Welcome Visitor: Login to the siteJoin the site

From Depression to Isolation

Essay By: Bill Rayburn
Memoir



Ruminations on how and why some people can choose, rather easily, to ask for help in life, while others retreat into themselves.


Submitted:Dec 11, 2012    Reads: 68    Comments: 3    Likes: 0   


From Depression to Isolation

Copyright 2012 by

Bill Rayburn

Isolation

Let that word sit there naked, exposed…. unadorned…. unencumbered by punctuation.

Isolation comes in a variety of forms and visits just about everybody at one point or another. Many people simply pretend they aren't home and don't answer the door. Others invite it in for cocktails, maybe a bowl of cashews.

That is where the human conundrum resides. What dynamics are at work when someone chooses to not be, or feel, isolated? How or why can one shun it, while the other provides an extra cocktail onion for its martini? How conscious is the acceptance, or rejection, of isolation?
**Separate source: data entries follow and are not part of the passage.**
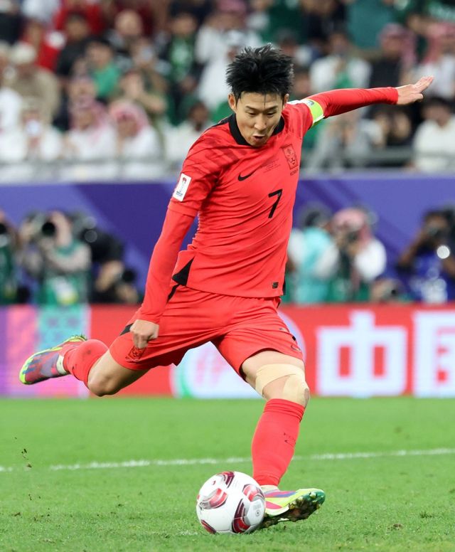 사우디아라비아전에서 승부차기 성공하는 손흥민. / 뉴스1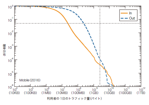 ブロードバンドのINとOUTの各分布は、片対数グラフ上で正規分布となる、対数正規分布に近い形をしています。これはリニアなグラフで見ると、左端近くにピークがあり右へなだらかに減少するいわゆるロングテールな分布です。OUTの分布はINの分布より右にずれていて、ダウンロード量がアップロード量より、ひと桁以上大きくなっています。2015年と2016年で比較すると、INとOUT共に分布の山が右に少し移動していて、利用者全体のトラフィック量が増えていることが分かります。右側のOUTの分布を見ると、分布のピークはここ数年間で着実に右に移動していますが、右端のヘビーユーザの使用量はあまり増えていないので、分布の対称性が崩れてきています。一方で、左側のINの分布は左右対称で、より対数正規分布に近い形です。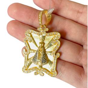 Pingente Nossa Senhora Cravejada - Banhado a ouro 18k Detalhes do Produto: Material: ligas metálicas de alta qualidade, especialmente tratadas para fixação e absorção do ouro, com acabamento em verniz protetor. Aparência: visual idêntico ao ouro maciço. Produção: artesanal, com atenção meticulosa aos detalhes. Banho: 10 camadas espessas de ouro 18k, finalizadas com verniz antialérgico . Elos: soldados varia conforme o modelo . Pedras: zircônias brilhantes cravejadas quando aplicável . Tamanhos Disponíveis: Pingentes: conforme imagens; consulte para mais detalhes via chat. Incluso na Compra: Saquinho de organza para armazenamento seguro. Caixa elegante, perfeita para presente. Cupom de desconto para a próxima compra. Flyer com outros produtos da coleção. Carta de agradecimento personalizada. Adesivo da marca ToJoia18k. Informações Adicionais: : 6 meses termos acompanham o produto . Devolução: 7 dias para devolução sem questionamentos. Envio: despacho em até 24 horas úteis após confirmação do pagamento. Cuidados com a Peça: Evite contato com produtos químicos; aguarde o perfume secar antes de usar. Evite contato com shampoo, condicionadores e suor excessivo. Armazene em local seco, preferencialmente no saquinho de organza fornecido. Uso no mar e piscina é permitido; lave com água corrente e sabão neutro após. Por que Escolher a ToJoia18k Semi-joias luxuosas que combinam estilo, qualidade e sofisticação. Banho espesso de ouro 18k, garantindo brilho duradouro e acabamento impecável. Design exclusivo e produção artesanal, perfeitos para qualquer ocasião. Materiais premium que asseguram durabilidade. Ao escolher uma semi-joia ToJoia18k, você investe em qualidade, elegância e uma experiência única. Aguardamos sua compra Qualquer dúvida, estamos à disposição para esclarecimentos. Marca: Não Informado
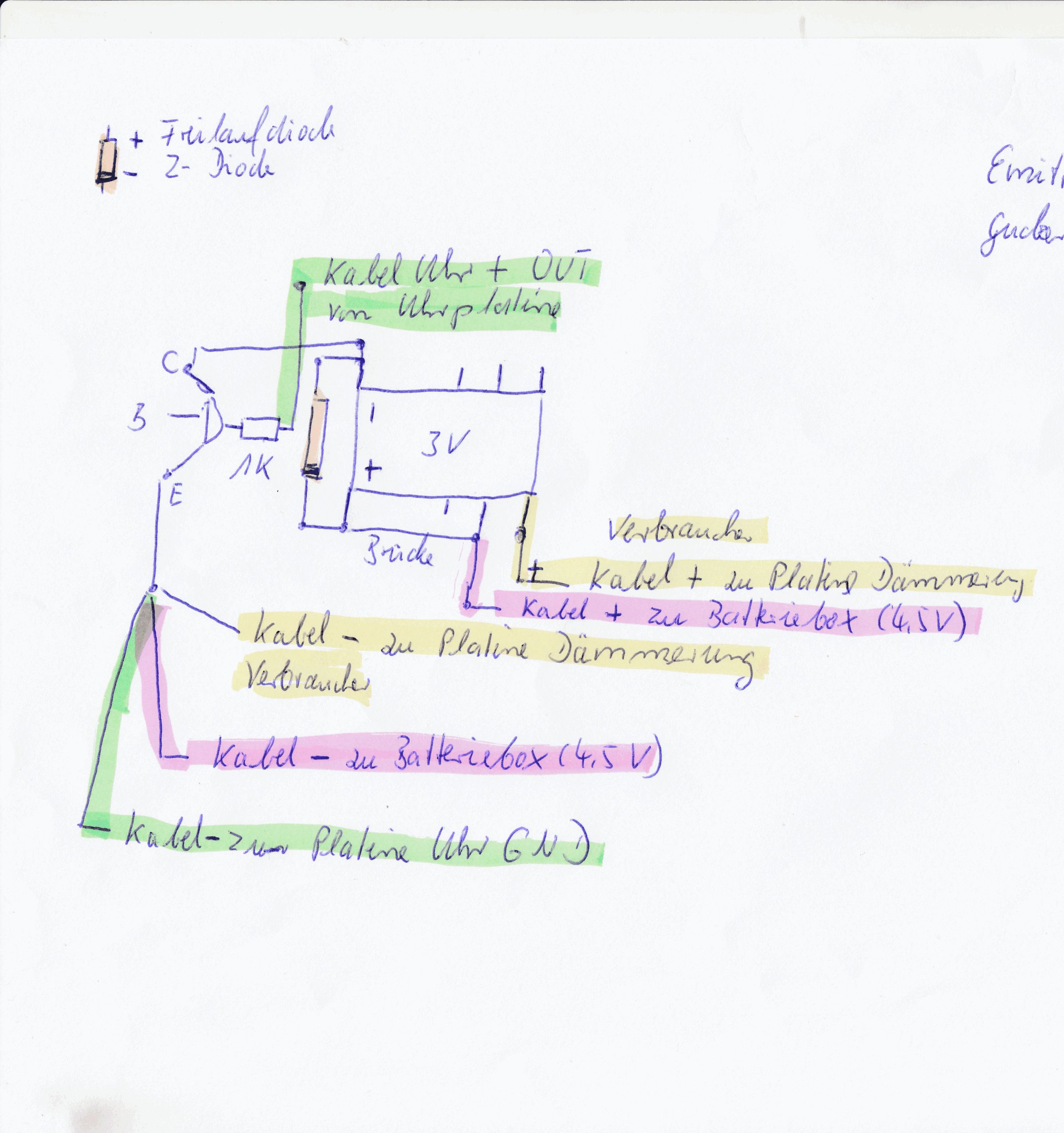 :) Das glaubst du mir jetzt nicht. Diese haben Ihre eigene Stromversorgung. Also der Dämmerungsschalter schaltet das Relais und schaltet die Kerzen an und wieder aus, je nach Helligeit. Auf der Platine des Dämmerungsschalter habe ich auch ein Relais, um die Kerzen mit Ihrer eigenen Spannung zu versorgen. Bei den Kerzen habe ich den Ein und Ausschalter unterbrochen und zur Platine des Dämmerungsschalter zum Relais geführt. Die Uhr ist vor dem Dämmerungsschalter. Wie gesagt soll eben nachts aus sein. Ich habe mal ein Schaltbild von der Uhr angehängt. Hier siehst Du die Kabelführung von der Uhr zu meinem Dämmerungschalter. Ich weiß Laie ;). Hoffentlich kannst was damit anfangen.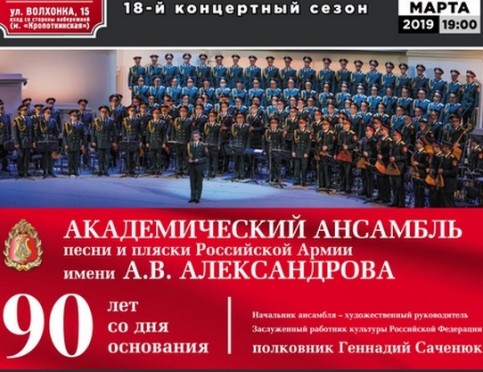 It is named for its first director, Alexander Vasilyevich Alexandrov (1883–1946). Its formal name since 1998 has been A. V. Alexandrov Academic Song and Dance Ensemble of the Russian Army (Russian: Академи́ческий анса́мбль пе́сни и пля́ски Росси́йской А́рмии и́мени А. В. Алекса́ндрова, tr. Akademíchesky ansámbl′ pésni i plyáski Rossýskoy Ármii ímeni A. V. Aleksándrova),[2] shortened to Academic Ensemble (Russian: Академи́ческий анса́мбль, tr. Akademíchesky ansámbl′)[2] on second reference.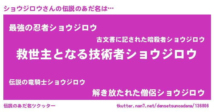 | ヒーロー風カッコイイあだ名 | 『天空の使者ショウジロウ』 |
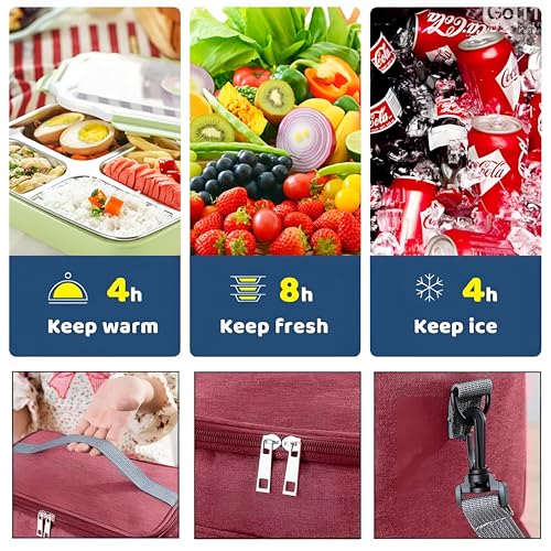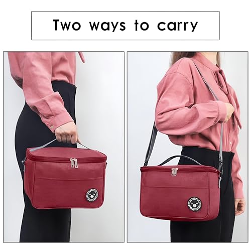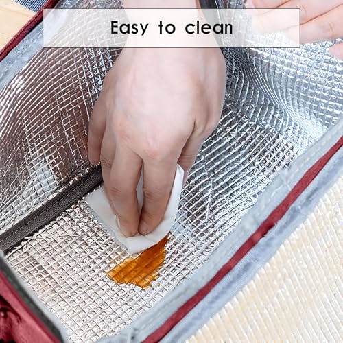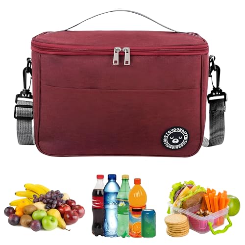 Generic - شنطة نزهة ومبرد واسع وقابل للطي وإعادة الاستخدام لتخزين الطعام الطازج والغداء في الهواء الطلق والمشي لمسافات طويلة وحفلات الشواء واحتياجات السفر (أحمر داكن)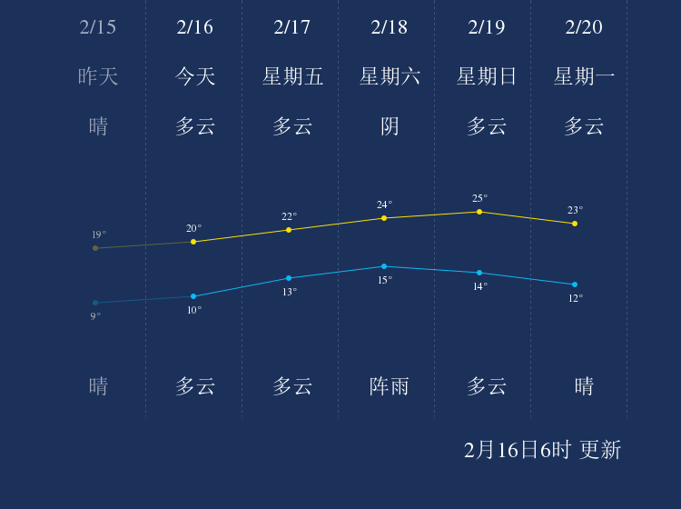 2月16日广州天气早知道 中国天气 中国天气网 2023.02.1607:16 关注 中国天气网讯 今天是2月16日星期四,一起来看天气。今晨6时,广州晴,气温10℃,东北风4-5级,相对湿度61%。预计,今天白天多云,最高气温20.7℃,微风,今天夜间多云,最低气温10.6℃,微风。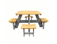 Set je vyrobený z kvalitného masívneho dreva, čo zaručuje jeho dlhú životnosť a odolnosť voči poveternostným podmienkam. Vďaka svetlej farebnosti sa ľahko začlení do akéhokoľvek exteriéru a dodá mu príjemnú atmosféru. S rozmermi 106 cm na šírku, 106 cm na hĺbku a výškou 51 cm ponúka dostatok priestoru pre štyri deti, aby si mohli užívať spoločné chvíle pri hre alebo občerstvení.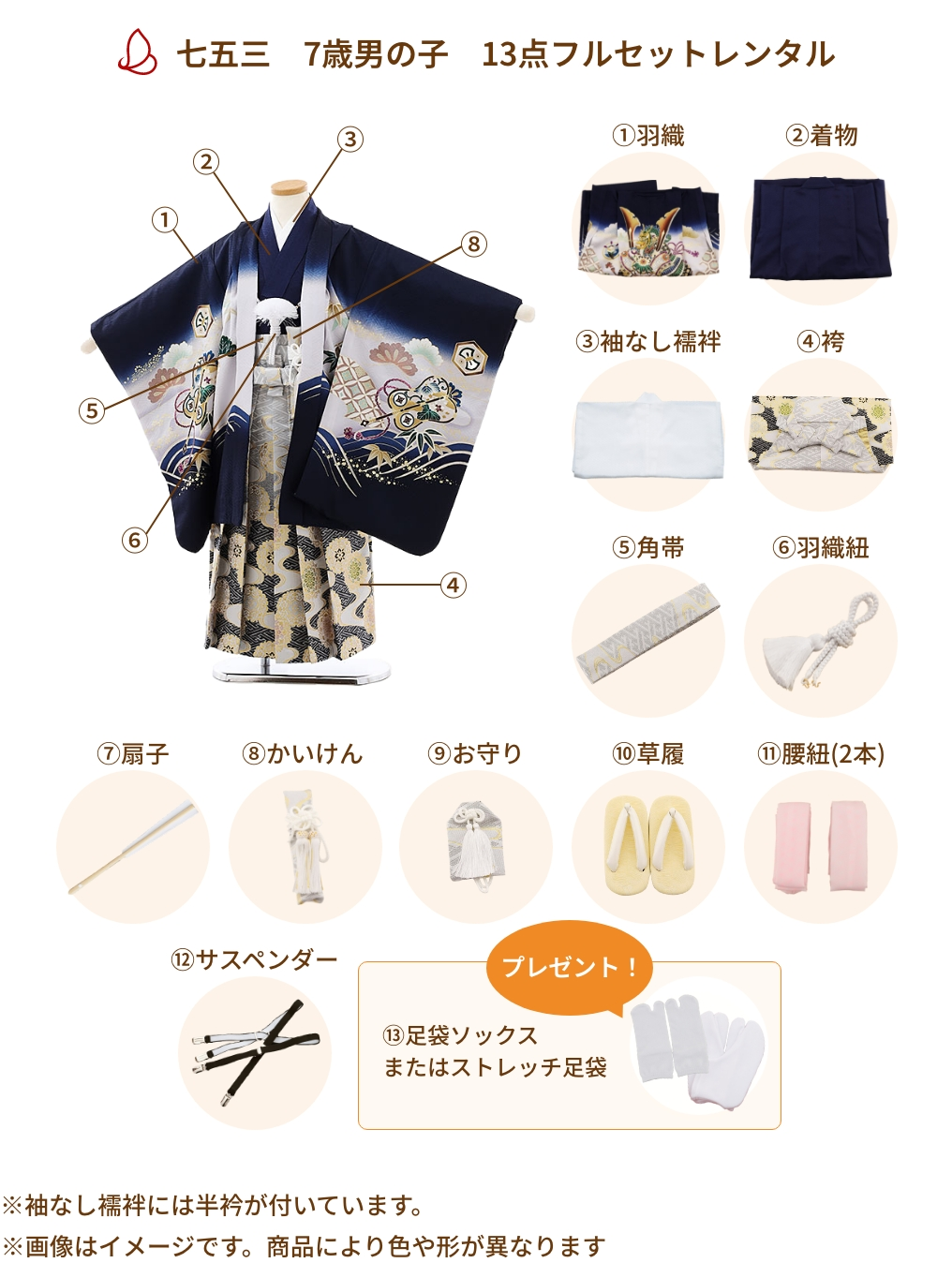 男児卒園袴(5歳,6歳) 0813 小町kids 紺 矢柄×黒袴

I am convinced that, for the most part, isolation is a choice available to most if not all humans. Aside from the more obvious examples of it being foisted upon you, like your four-state-killing-spree resulting in a state-mandated, 75-to-life sentence in solitary confinement.

So those of us with the freedom to choose, what axis does that decision sit upon and why do we spin it one way or the other.

Choosing isolation is usually rooted in despair of some degree. Life's relentless, hurricane-like battering finally wearing someone down to the nub, where a stifling existence behind closed doors appears on the horizon like some ironic sanctuary. My experience with isolation is that it doesn't "feel" like isolation. It can even give the impression of respite or succor. A break from the avalanche or tsunami that your life has grown into. It's only when people have irrevocably painted themselves into a corner that they decide to check out for a while. Nobody chooses isolation on prom night.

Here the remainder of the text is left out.